What you have to do: Print the records below exactly, starting at the first line and stopping after the line that contains "Ochranné koberečky jsou". Leave out any pictures.

Data for processing: Begin

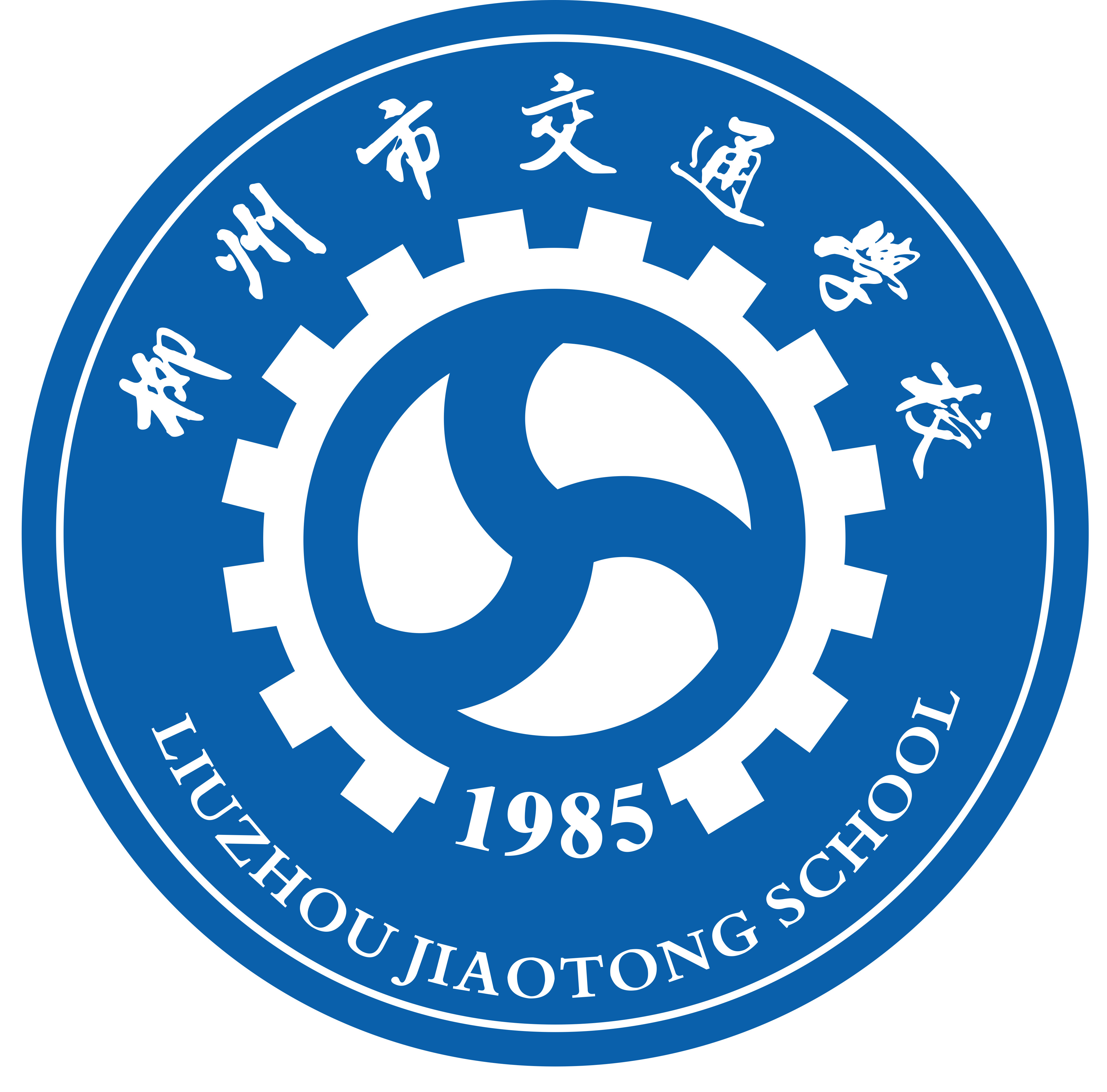2.外圈书写中英文校名:其中上半部分为中文校名,“柳州市交通学校”为中山行书; 下半部分为英文校名。
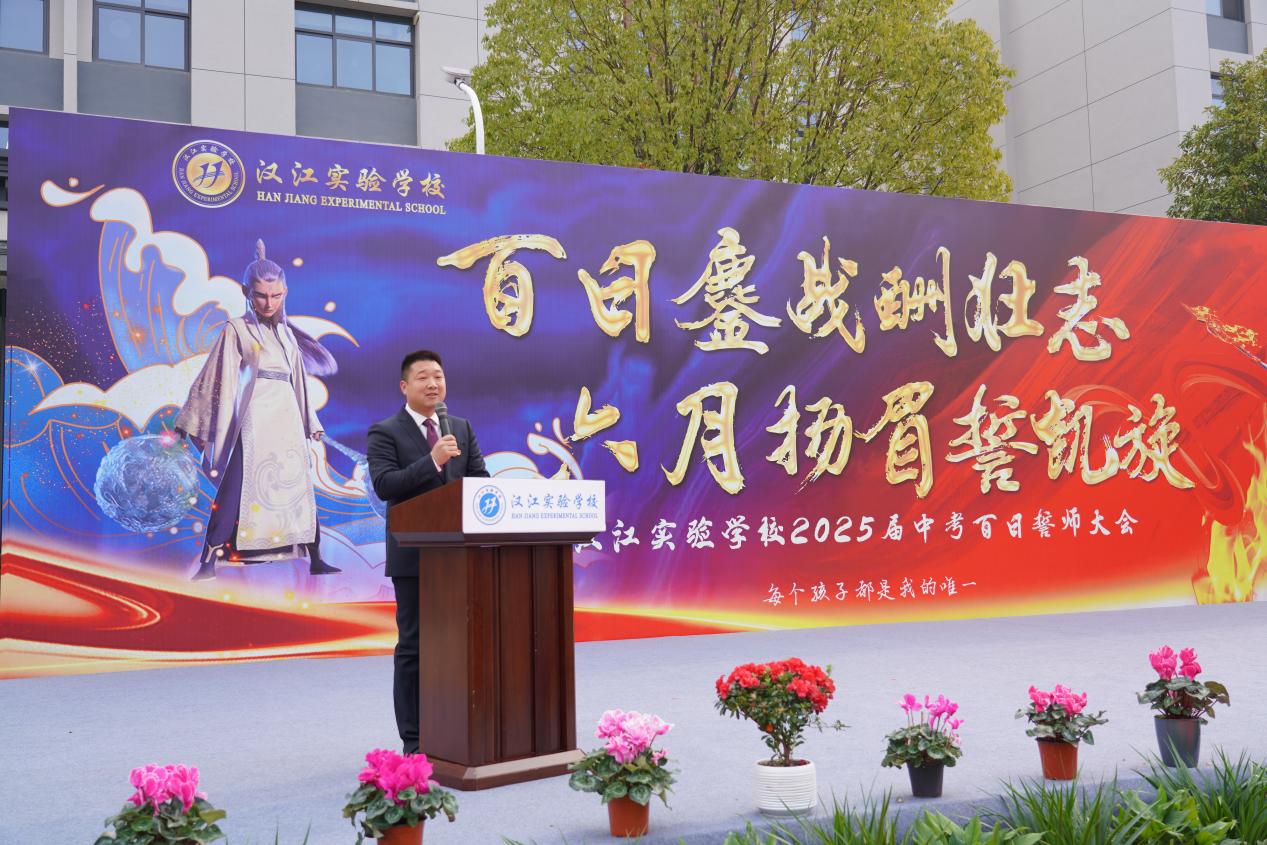汉江教育党总支书记陈伟郑重宣布:“汉江实验学校2025届中考百日奋战出征!”
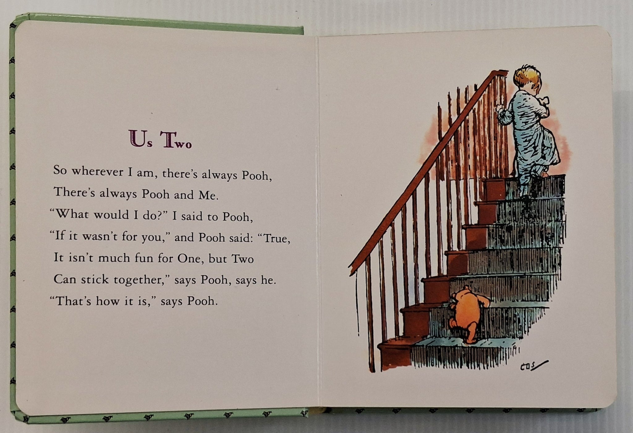 Generations of children have grown up reading and rereading the verses, hums, and rhymes from  A. A. Milne's Winnie-the-Pooh storybooks and poetry volumes.  My First Winnie-the-Pooh gathers ten of these delightful verses (all carefully chosen for the very youngest of fans), beautifully accompanied by Ernest H. Shepard's beloved drawings in full color.
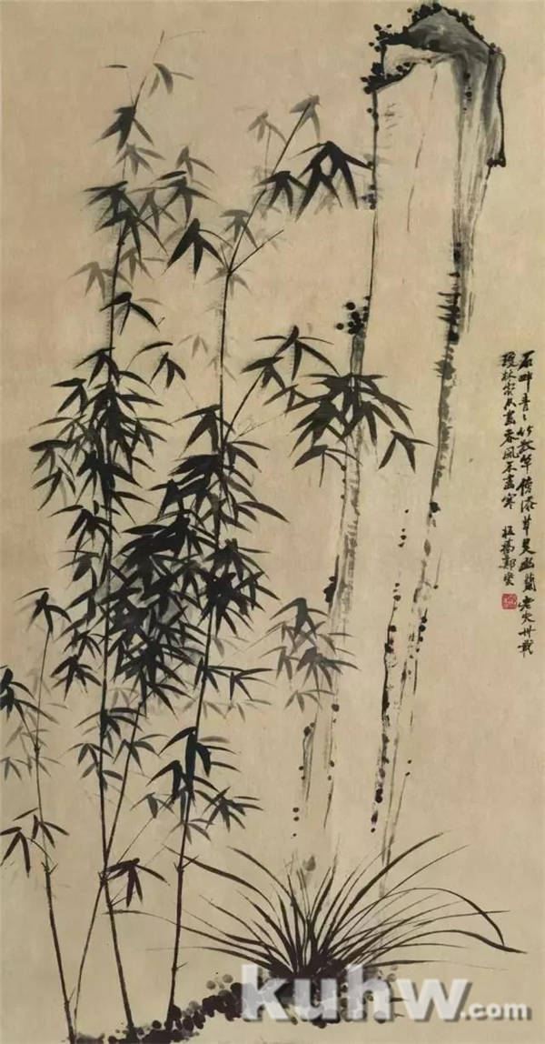 竹—不是木本、草本,藤本;画大竿要求笔力刚健,正气磅礴。直线微带弧线,表达竿的弹性。画枝形态要求与竿成三角形。表达瘦挺。大叶小叶,长枝短枝,枝枝叶叶均以三角形丛丛配合。画面空处,皆以三角形组成。叶的传统名称很多---有横舟、偃月、片羽;两叶的叫法有;人字、娥眉,鱼尾,三叶的有;金鱼尾、燕尾、飞雁,四叶的有;落雁、惊鸦。
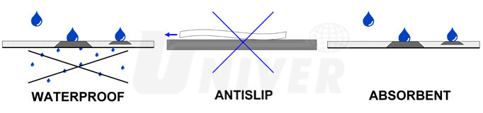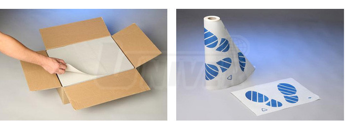 Ochranné koberečky jsou vytvořeny z materiálu PAPERPLAST (spodek z fólie, vrchní část speciální papír).- snadno absorbují vodu, ale nepropouští ji
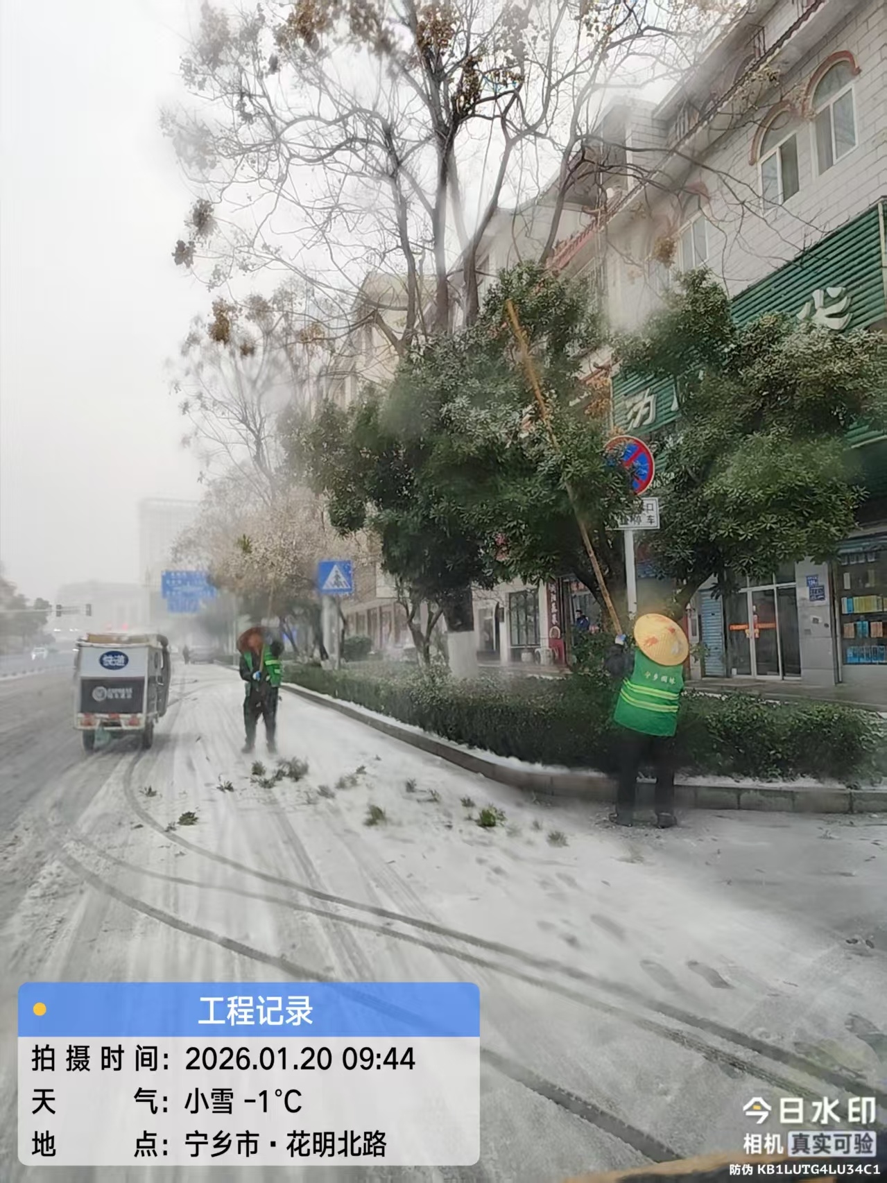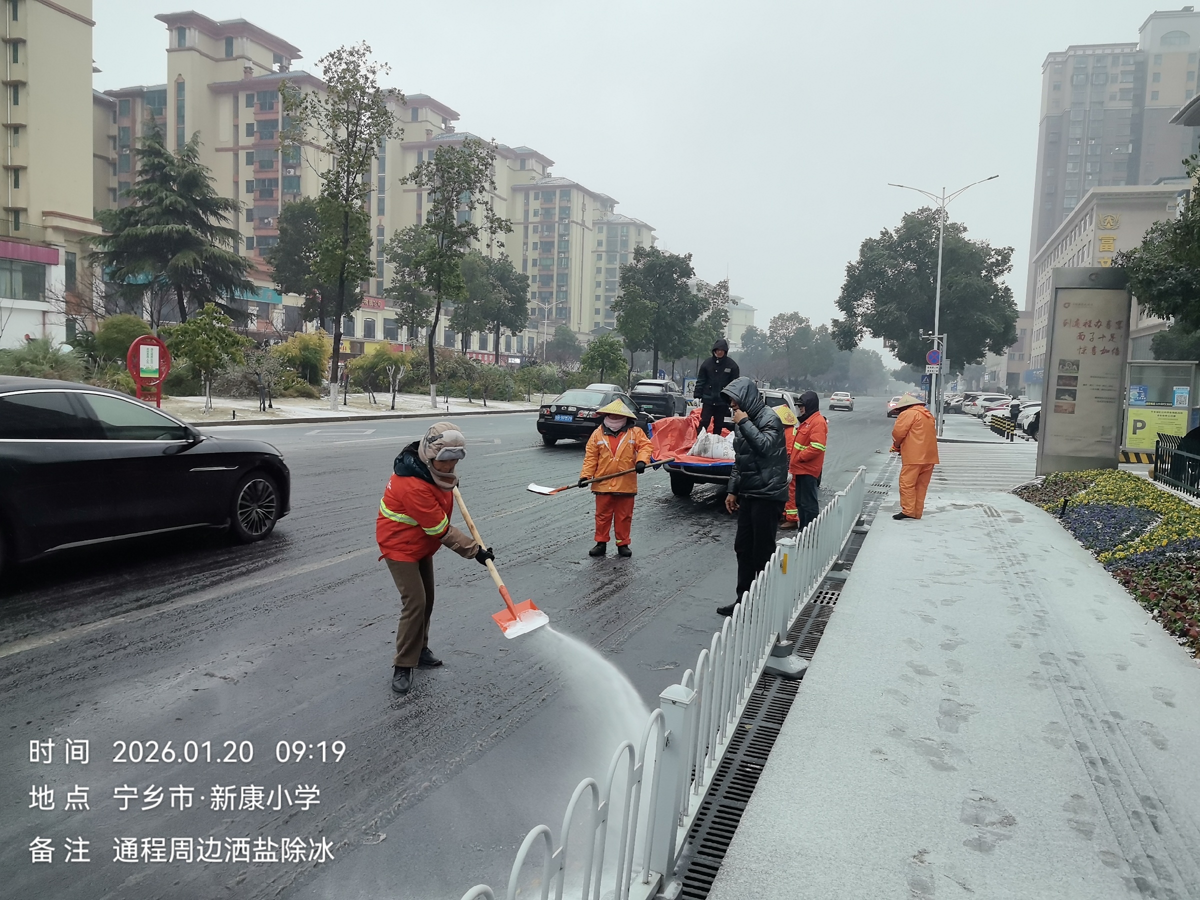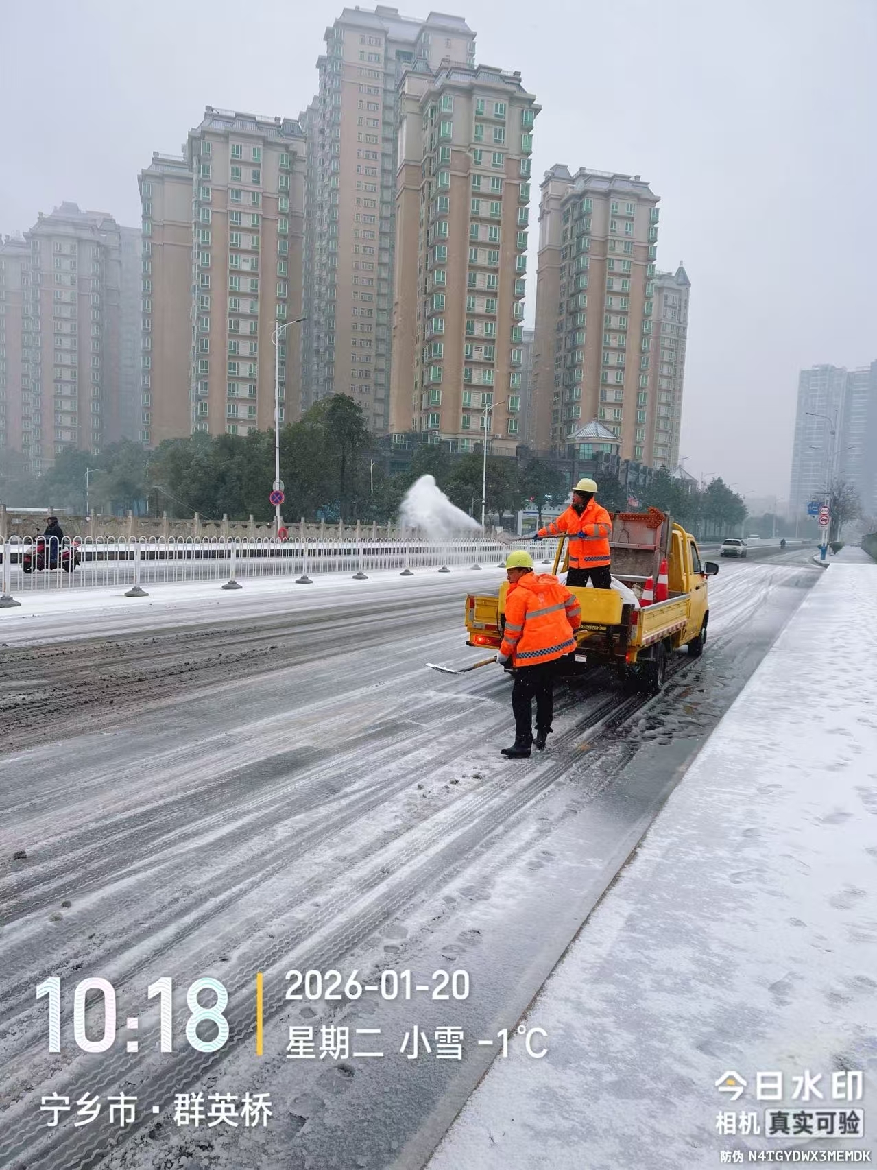 红网时刻讯(通讯员 张宏艳)1月19日凌晨,受强冷空气影响,宁乡市迎来新一轮低温雨雪冰冻天气。气温骤降,雨雪交加,给城市运行和市民出行带来了严峻挑战。为扎实做好应急应对工作,有效降低冰冻降雪带来的不利影响,市城管系统迅速响应,第一时间启动应急预案,全体工作人员闻令而动、迅速到岗,毅然投身到除雪融冰第一线,用“城管蓝”和“环卫橙”在风雪中筑起了一道温暖防线,全力守护人民群众的生命财产安全。

Data for processing: End

Solution to the problem:
2.外圈书写中英文校名:其中上半部分为中文校名,“柳州市交通学校”为中山行书; 下半部分为英文校名。
汉江教育党总支书记陈伟郑重宣布:“汉江实验学校2025届中考百日奋战出征!”
 Generations of children have grown up reading and rereading the verses, hums, and rhymes from  A. A. Milne's Winnie-the-Pooh storybooks and poetry volumes.  My First Winnie-the-Pooh gathers ten of these delightful verses (all carefully chosen for the very youngest of fans), beautifully accompanied by Ernest H. Shepard's beloved drawings in full color.
 竹—不是木本、草本,藤本;画大竿要求笔力刚健,正气磅礴。直线微带弧线,表达竿的弹性。画枝形态要求与竿成三角形。表达瘦挺。大叶小叶,长枝短枝,枝枝叶叶均以三角形丛丛配合。画面空处,皆以三角形组成。叶的传统名称很多---有横舟、偃月、片羽;两叶的叫法有;人字、娥眉,鱼尾,三叶的有;金鱼尾、燕尾、飞雁,四叶的有;落雁、惊鸦。
 Ochranné koberečky jsou vytvořeny z materiálu PAPERPLAST (spodek z fólie, vrchní část speciální papír).- snadno absorbují vodu, ale nepropouští ji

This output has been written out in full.